- _Task item_
Of the lines below, write out exactly those from the line with "Indiscutablement, le plus" through the line with "L'installation photovoltaïque sur", both included, and skip the rest.

── Dataset records ──

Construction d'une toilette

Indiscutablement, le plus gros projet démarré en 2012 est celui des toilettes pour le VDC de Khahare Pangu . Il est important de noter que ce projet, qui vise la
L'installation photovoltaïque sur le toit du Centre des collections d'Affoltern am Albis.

───
── Dataset records ──

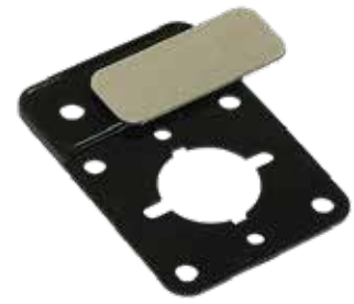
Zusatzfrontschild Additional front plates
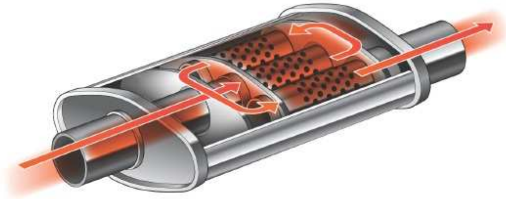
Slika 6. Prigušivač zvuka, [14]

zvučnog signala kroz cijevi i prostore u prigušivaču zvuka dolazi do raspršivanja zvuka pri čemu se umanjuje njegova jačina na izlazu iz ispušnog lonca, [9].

───

- _Answer to this problem_
Indiscutablement, le plus gros projet démarré en 2012 est celui des toilettes pour le VDC de Khahare Pangu . Il est important de noter que ce projet, qui vise la
L'installation photovoltaïque sur le toit du Centre des collections d'Affoltern am Albis.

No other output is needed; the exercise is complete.